Kepler's Planetary Systems' Orbits
The image shows an overhead view of orbital positions of the planets in systems with multiple transiting planets discovered by NASA's Kepler mission. NASA

Astronomers from the NASA have discovered 11 new solar systems, which host 26 planets.

The newly discovered planets orbit their stars once in every six to 143 days. The size of the planets ranges from 1.5 times the radius of the Earth to larger than Jupiter. Fifteen of them are sized between the Earth and Neptune.

Astronomers have discovered Kepler-25, Kepler-27, Kepler-30, Kepler-31 and Kepler-33 stars. Each of these Sun-like stars contains a pair of planets that orbit very close and are called inner planets.

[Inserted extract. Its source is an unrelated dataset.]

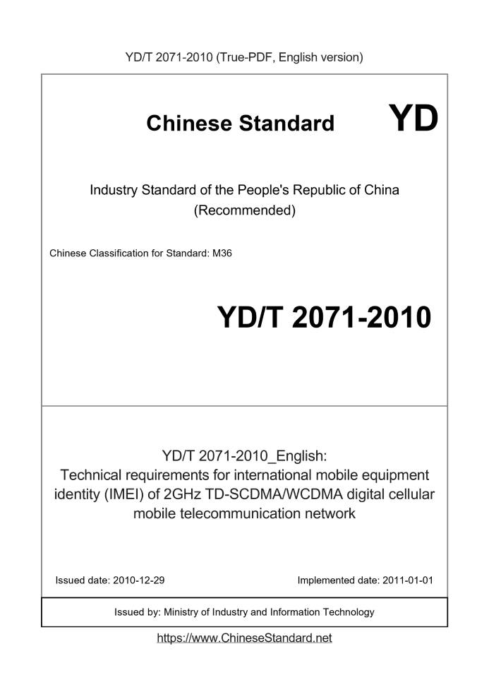 Delivery: <= 3 days. True-PDF full-copy in English will be manually translated and delivered via email. YD/T 2071-2010: Technical requirements for international mobile equipment identity (IMEI) of 2GHz TD-SCDMA/WCDMA digital cellular mobile telecommunication network Status: Valid

Kepler-23, Kepler-24, Kepler-28 and Kepler-32 have both inner and outer planets, just like our solar system.

Kepler-33 hosts more planets than other stars and hosts five planets. It is older and more massive than the Sun.

According to astronomers, each of the new planetary systems contains two to five closely spaced transiting planets. In tightly packed planetary systems, the gravitational pull of the planets among themselves causes one planet to speed up and another planet to slow down along its orbit because of this orbital period of each planet keeps on changing.

Kepler detects this effect by measuring the changes; this method is called Transit Timing Variations (TTVs). They use this method to confirm these planets. Planetary systems with TTVs can be verified without ground-based observations.

"Prior to the Kepler mission, we knew of perhaps 500 exoplanets across the whole sky," said Doug Hudgins, Kepler program scientist at NASA. "Now, in just two years staring at a patch of sky not much bigger than your fist, Kepler has discovered more than 60 planets and more than 2,300 planet candidates. This tells us that our galaxy is positively loaded with planets of all sizes and orbits."

"Confirming that the small decrease in the star's brightness is due to a planet requires additional observations and time-consuming analysis," said Eric Ford, associate professor of astronomy at the University of Florida who is also part of Kepler mission. "We verified these planets using new techniques that dramatically accelerated their discovery."

"The approach that was used to verify the Kepler-33 planets shows that the overall reliability of Kepler's candidate multiple transiting systems are quite high," said Jack Lissauer, planetary scientist at NASA Ames Research Center at Moffett Field, California. "This is a validation by multiplicity."